*** Dataset excerpts ***

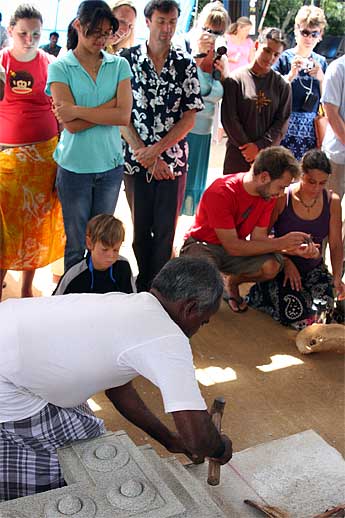 Later Arumugaswami addressed the group on the subject of Bodhinatha's 6-point description of their temples, and handed out the illustrated pamphlets we brought for them. They all grabbed them up within two minutes.
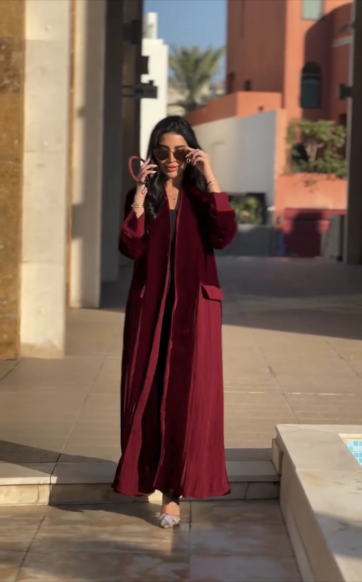 Suadi Dubai Oem Modest Fashion Muslim Abaya Custom Made Elegant Stylish Open Front Pleated Velvet Abaya for Women
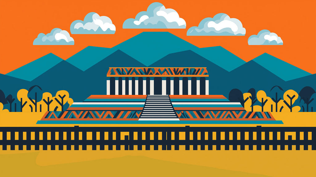 Dieser Hintergrundbildschirmschoner zeigt einen antiken Tempel mit geometrischen Mustern, der gegen orangene Himmel und blaue Berge abgesetzt ist und vibriert mit lebendigem kulturellem Energie. Die fettgedruckten Formen und Farben machen ihn zu einem bildungsreichen und visuell anregenden Element für ein Kinderzimmer.
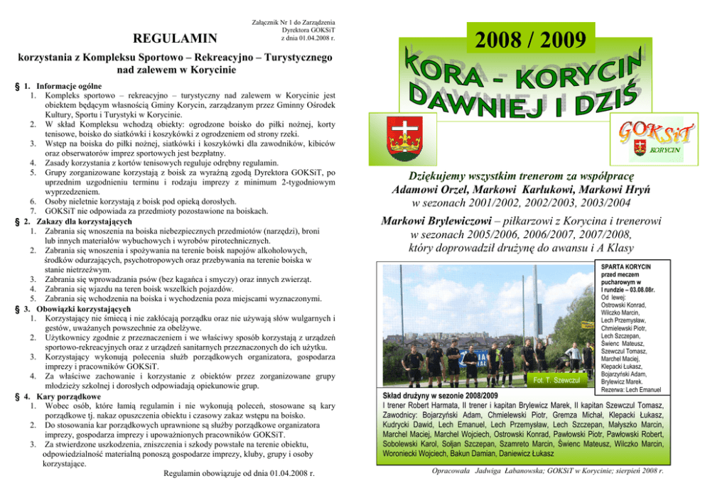REGULAMIN Załącznik Nr 1 do Zarządzenia Dyrektora GOKSiT z dnia 01.04.2008 r. 2008 / 2009 korzystania z Kompleksu Sportowo – Rekreacyjno – Turystycznego nad zalewem w Korycinie § 1. Informacje ogólne 1. Kompleks sportowo – rekreacyjno – turystyczny nad zalewem w Korycinie jest obiektem będącym własnością Gminy Korycin, zarządzanym przez Gminny Ośrodek Kultury, Sportu i Turystyki w Korycinie. 2. W skład Kompleksu wchodzą obiekty: ogrodzone boisko do piłki noŜnej, korty tenisowe, boisko do siatkówki i koszykówki z ogrodzeniem od strony rzeki. 3. Wstęp na boiska do piłki noŜnej, siatkówki i koszykówki dla zawodników, kibiców oraz obserwatorów imprez sportowych jest bezpłatny. 4. Zasady korzystania z kortów tenisowych reguluje odrębny regulamin. 5. Grupy zorganizowane korzystają z boisk za wyraźną zgodą Dyrektora GOKSiT, po uprzednim uzgodnieniu terminu i rodzaju imprezy z minimum 2-tygodniowym wyprzedzeniem. 6. Osoby nieletnie korzystają z boisk pod opieką dorosłych. 7. GOKSiT nie odpowiada za przedmioty pozostawione na boiskach. § 2. Zakazy dla korzystających 1. Zabrania się wnoszenia na boiska niebezpiecznych przedmiotów (narzędzi), broni lub innych materiałów wybuchowych i wyrobów pirotechnicznych. 2. Zabrania się wnoszenia i spoŜywania na terenie boisk napojów alkoholowych, środków odurzających, psychotropowych oraz przebywania na terenie boiska w stanie nietrzeźwym. 3. Zabrania się wprowadzania psów (bez kagańca i smyczy) oraz innych zwierząt. 4. Zabrania się wjazdu na teren boisk wszelkich pojazdów. 5. Zabrania się wchodzenia na boiska i wychodzenia poza miejscami wyznaczonymi. § 3. Obowiązki korzystających 1. Korzystający nie śmiecą i nie zakłócają porządku oraz nie uŜywają słów wulgarnych i gestów, uwaŜanych powszechnie za obelŜywe. 2. UŜytkownicy zgodnie z przeznaczeniem i we właściwy sposób korzystają z urządzeń sportowo-rekreacyjnych oraz z urządzeń sanitarnych przeznaczonych do ich uŜytku. 3. Korzystający wykonują polecenia słuŜb porządkowych organizatora, gospodarza imprezy i pracowników GOKSiT. 4. Za właściwe zachowanie i korzystanie z obiektów przez zorganizowane grupy młodzieŜy szkolnej i dorosłych odpowiadają opiekunowie grup. § 4. Kary porządkowe 1. Wobec osób, które łamią regulamin i nie wykonują poleceń, stosowane są kary porządkowe tj. nakaz opuszczenia obiektu i czasowy zakaz wstępu na boisko. 2. Do stosowania kar porządkowych uprawnione są słuŜby porządkowe organizatora imprezy, gospodarza imprezy i upowaŜnionych pracowników GOKSiT. 3. Za stwierdzone uszkodzenia, zniszczenia i szkody powstałe na terenie obiektu, odpowiedzialność materialną ponoszą gospodarze imprezy, kluby, grupy i osoby korzystające. Regulamin obowiązuje od dnia 01.04.2008 r. Dziękujemy wszystkim trenerom za współpracę Adamowi Orzel, Markowi Karłukowi, Markowi Hryń w sezonach 2001/2002, 2002/2003, 2003/2004 Markowi Brylewiczowi – piłkarzowi z Korycina i trenerowi w sezonach 2005/2006, 2006/2007, 2007/2008, który doprowadził druŜynę do awansu i A Klasy Fot. T. Szewczul SPARTA KORYCIN przed meczem pucharowym w I rundzie – 03.08.08r. Od lewej: Ostrowski Konrad, Wilczko Marcin, Lech Przemysław, Chmielewski Piotr, Lech Szczepan, Świenc Mateusz, Szewczul Tomasz, Marchel Maciej, Klepacki Łukasz, Bojarzyński Adam, Brylewicz Marek. Rezerwa: Lech Emanuel Skład druŜyny w sezonie 2008/2009 I trener Robert Harmata, II trener i kapitan Brylewicz Marek, II kapitan Szewczul Tomasz, Zawodnicy: Bojarzyński Adam, Chmielewski Piotr, Gremza Michał, Klepacki Łukasz, Kudrycki Dawid, Lech Emanuel, Lech Przemysław, Lech Szczepan, Małyszko Marcin, Marchel Maciej, Marchel Wojciech, Ostrowski Konrad, Pawłowski Piotr, Pawłowski Robert, Sobolewski Karol, Sołjan Szczepan, Szamreto Marcin, Świenc Mateusz, Wilczko Marcin, Woroniecki Wojciech, Bakun Damian, Daniewicz Łukasz Opracowała Jadwiga Łabanowska; GOKSiT w Korycinie; sierpień 2008 r.
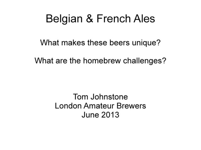 Calais region • “Beer that's been kept” • Strong ale (avg. %6.5) • Can be pale, amber, brown or dark • Aged in barrels prior to bottling • Original version made by Brasserie Duyck now called Jenlain, an amber beer • Unlike many Belgian beers, yeast is fairly neutal/discrete • Medium hoppiness, little hop flavour: Malt dominates
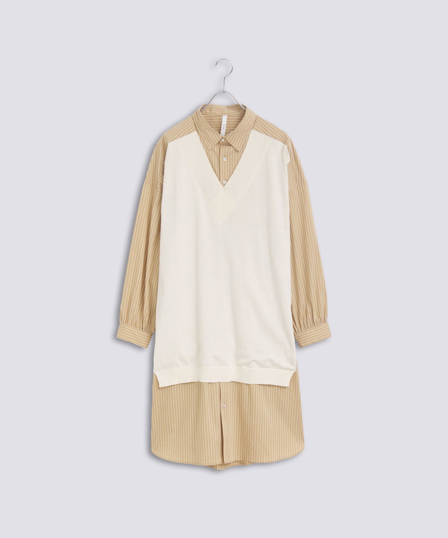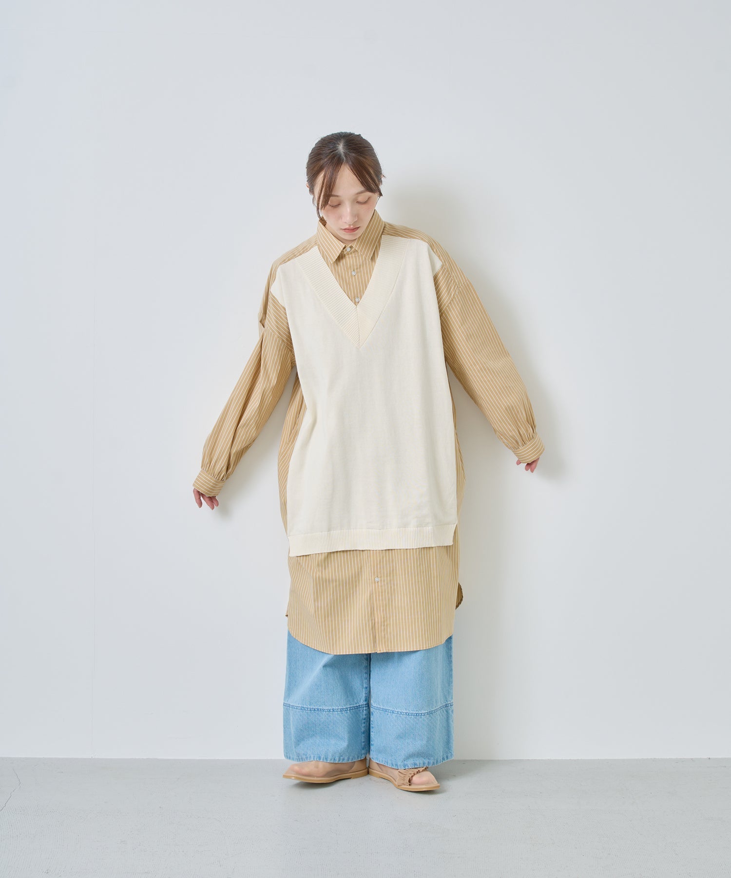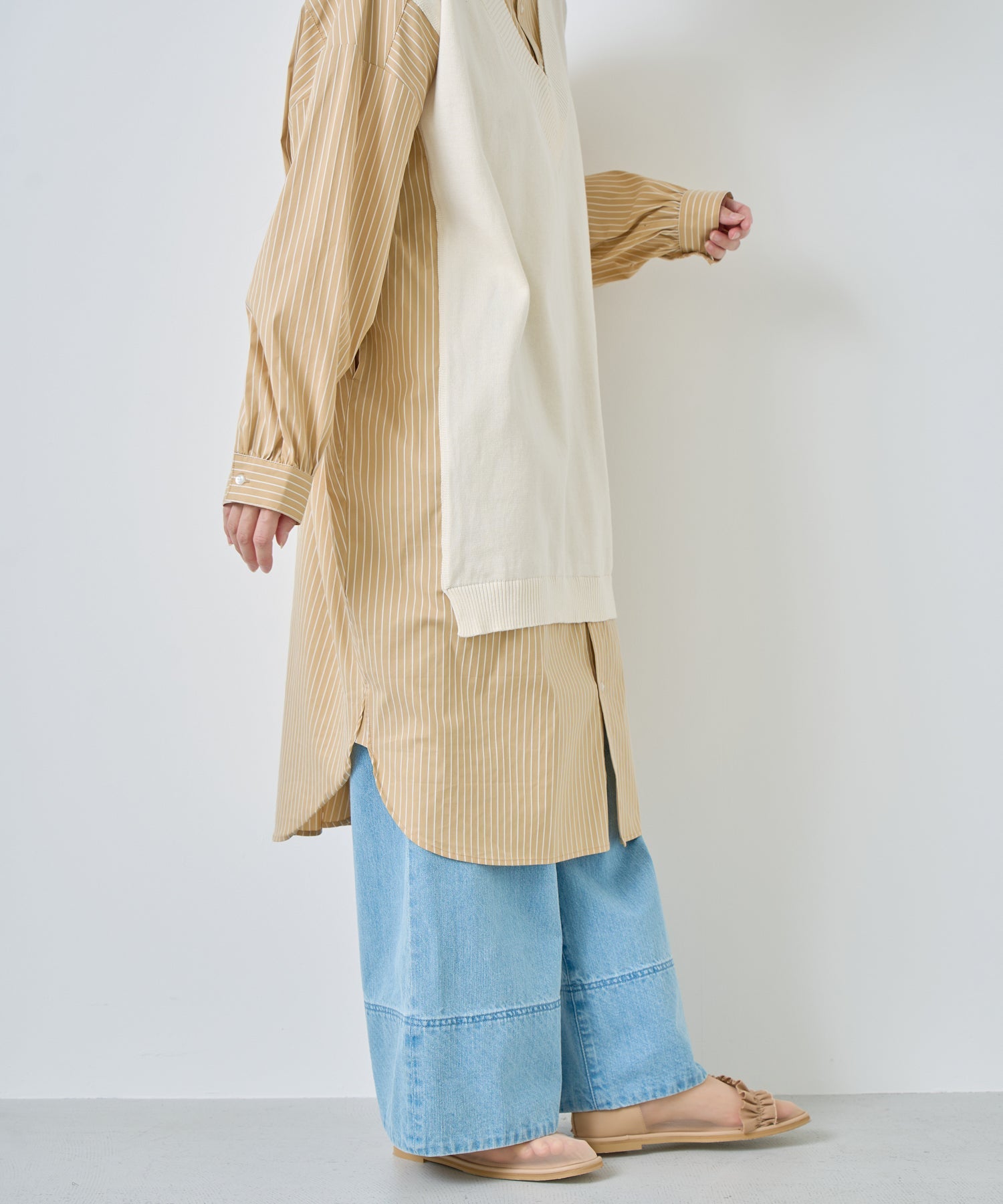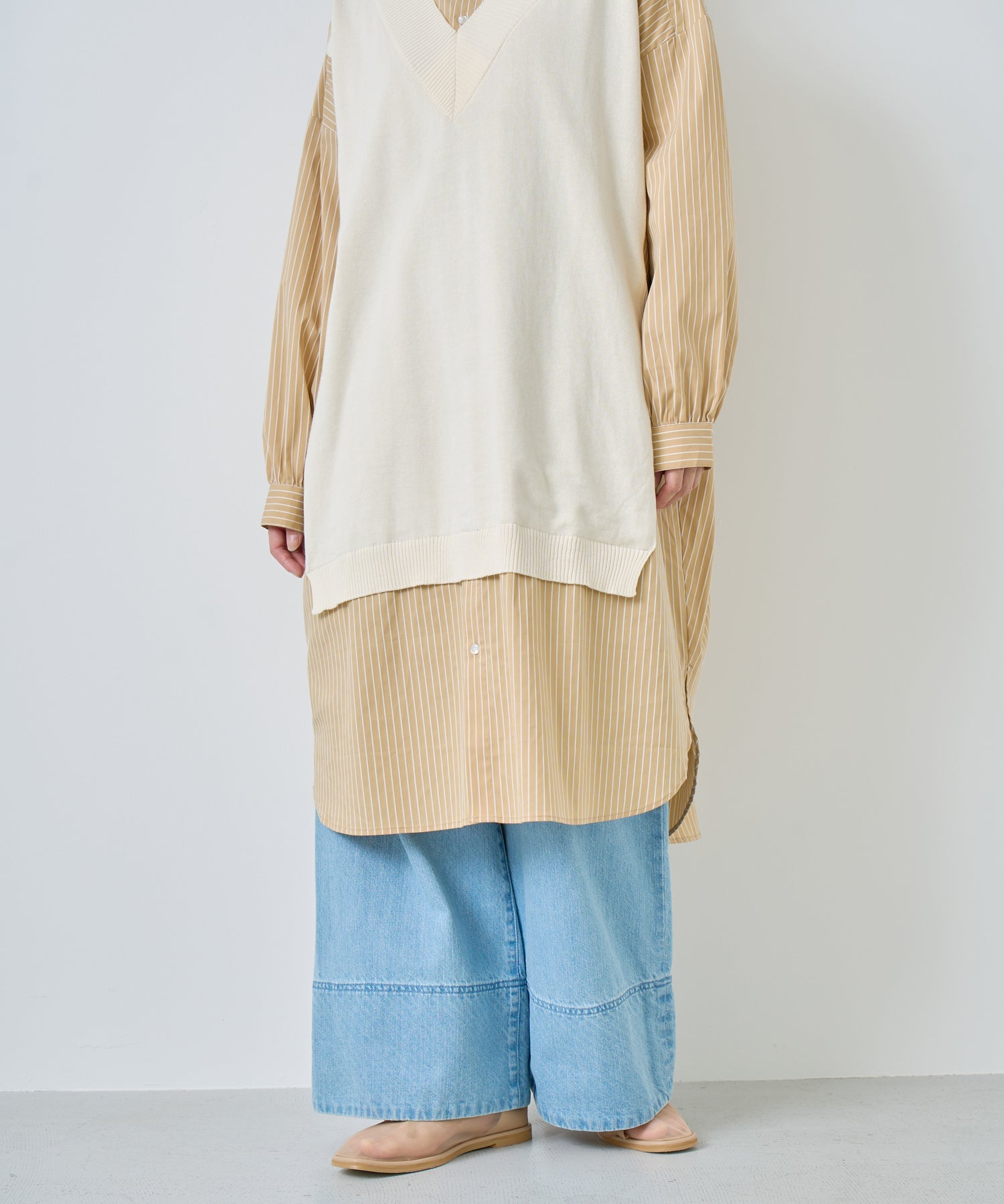 ニットベスト重ね着風ストライプシャツワンピース APOLU

*** End of Dataset excerpts ***

◆ **Try it**: No picture should be included when the data are set down again exactly.

◆ **Expected answer**:
 Later Arumugaswami addressed the group on the subject of Bodhinatha's 6-point description of their temples, and handed out the illustrated pamphlets we brought for them. They all grabbed them up within two minutes.
 Suadi Dubai Oem Modest Fashion Muslim Abaya Custom Made Elegant Stylish Open Front Pleated Velvet Abaya for Women
 Dieser Hintergrundbildschirmschoner zeigt einen antiken Tempel mit geometrischen Mustern, der gegen orangene Himmel und blaue Berge abgesetzt ist und vibriert mit lebendigem kulturellem Energie. Die fettgedruckten Formen und Farben machen ihn zu einem bildungsreichen und visuell anregenden Element für ein Kinderzimmer.
REGULAMIN Załącznik Nr 1 do Zarządzenia Dyrektora GOKSiT z dnia 01.04.2008 r. 2008 / 2009 korzystania z Kompleksu Sportowo – Rekreacyjno – Turystycznego nad zalewem w Korycinie § 1. Informacje ogólne 1. Kompleks sportowo – rekreacyjno – turystyczny nad zalewem w Korycinie jest obiektem będącym własnością Gminy Korycin, zarządzanym przez Gminny Ośrodek Kultury, Sportu i Turystyki w Korycinie. 2. W skład Kompleksu wchodzą obiekty: ogrodzone boisko do piłki noŜnej, korty tenisowe, boisko do siatkówki i koszykówki z ogrodzeniem od strony rzeki. 3. Wstęp na boiska do piłki noŜnej, siatkówki i koszykówki dla zawodników, kibiców oraz obserwatorów imprez sportowych jest bezpłatny. 4. Zasady korzystania z kortów tenisowych reguluje odrębny regulamin. 5. Grupy zorganizowane korzystają z boisk za wyraźną zgodą Dyrektora GOKSiT, po uprzednim uzgodnieniu terminu i rodzaju imprezy z minimum 2-tygodniowym wyprzedzeniem. 6. Osoby nieletnie korzystają z boisk pod opieką dorosłych. 7. GOKSiT nie odpowiada za przedmioty pozostawione na boiskach. § 2. Zakazy dla korzystających 1. Zabrania się wnoszenia na boiska niebezpiecznych przedmiotów (narzędzi), broni lub innych materiałów wybuchowych i wyrobów pirotechnicznych. 2. Zabrania się wnoszenia i spoŜywania na terenie boisk napojów alkoholowych, środków odurzających, psychotropowych oraz przebywania na terenie boiska w stanie nietrzeźwym. 3. Zabrania się wprowadzania psów (bez kagańca i smyczy) oraz innych zwierząt. 4. Zabrania się wjazdu na teren boisk wszelkich pojazdów. 5. Zabrania się wchodzenia na boiska i wychodzenia poza miejscami wyznaczonymi. § 3. Obowiązki korzystających 1. Korzystający nie śmiecą i nie zakłócają porządku oraz nie uŜywają słów wulgarnych i gestów, uwaŜanych powszechnie za obelŜywe. 2. UŜytkownicy zgodnie z przeznaczeniem i we właściwy sposób korzystają z urządzeń sportowo-rekreacyjnych oraz z urządzeń sanitarnych przeznaczonych do ich uŜytku. 3. Korzystający wykonują polecenia słuŜb porządkowych organizatora, gospodarza imprezy i pracowników GOKSiT. 4. Za właściwe zachowanie i korzystanie z obiektów przez zorganizowane grupy młodzieŜy szkolnej i dorosłych odpowiadają opiekunowie grup. § 4. Kary porządkowe 1. Wobec osób, które łamią regulamin i nie wykonują poleceń, stosowane są kary porządkowe tj. nakaz opuszczenia obiektu i czasowy zakaz wstępu na boisko. 2. Do stosowania kar porządkowych uprawnione są słuŜby porządkowe organizatora imprezy, gospodarza imprezy i upowaŜnionych pracowników GOKSiT. 3. Za stwierdzone uszkodzenia, zniszczenia i szkody powstałe na terenie obiektu, odpowiedzialność materialną ponoszą gospodarze imprezy, kluby, grupy i osoby korzystające. Regulamin obowiązuje od dnia 01.04.2008 r. Dziękujemy wszystkim trenerom za współpracę Adamowi Orzel, Markowi Karłukowi, Markowi Hryń w sezonach 2001/2002, 2002/2003, 2003/2004 Markowi Brylewiczowi – piłkarzowi z Korycina i trenerowi w sezonach 2005/2006, 2006/2007, 2007/2008, który doprowadził druŜynę do awansu i A Klasy Fot. T. Szewczul SPARTA KORYCIN przed meczem pucharowym w I rundzie – 03.08.08r. Od lewej: Ostrowski Konrad, Wilczko Marcin, Lech Przemysław, Chmielewski Piotr, Lech Szczepan, Świenc Mateusz, Szewczul Tomasz, Marchel Maciej, Klepacki Łukasz, Bojarzyński Adam, Brylewicz Marek. Rezerwa: Lech Emanuel Skład druŜyny w sezonie 2008/2009 I trener Robert Harmata, II trener i kapitan Brylewicz Marek, II kapitan Szewczul Tomasz, Zawodnicy: Bojarzyński Adam, Chmielewski Piotr, Gremza Michał, Klepacki Łukasz, Kudrycki Dawid, Lech Emanuel, Lech Przemysław, Lech Szczepan, Małyszko Marcin, Marchel Maciej, Marchel Wojciech, Ostrowski Konrad, Pawłowski Piotr, Pawłowski Robert, Sobolewski Karol, Sołjan Szczepan, Szamreto Marcin, Świenc Mateusz, Wilczko Marcin, Woroniecki Wojciech, Bakun Damian, Daniewicz Łukasz Opracowała Jadwiga Łabanowska; GOKSiT w Korycinie; sierpień 2008 r.
 Calais region • “Beer that's been kept” • Strong ale (avg. %6.5) • Can be pale, amber, brown or dark • Aged in barrels prior to bottling • Original version made by Brasserie Duyck now called Jenlain, an amber beer • Unlike many Belgian beers, yeast is fairly neutal/discrete • Medium hoppiness, little hop flavour: Malt dominates
 ニットベスト重ね着風ストライプシャツワンピース APOLU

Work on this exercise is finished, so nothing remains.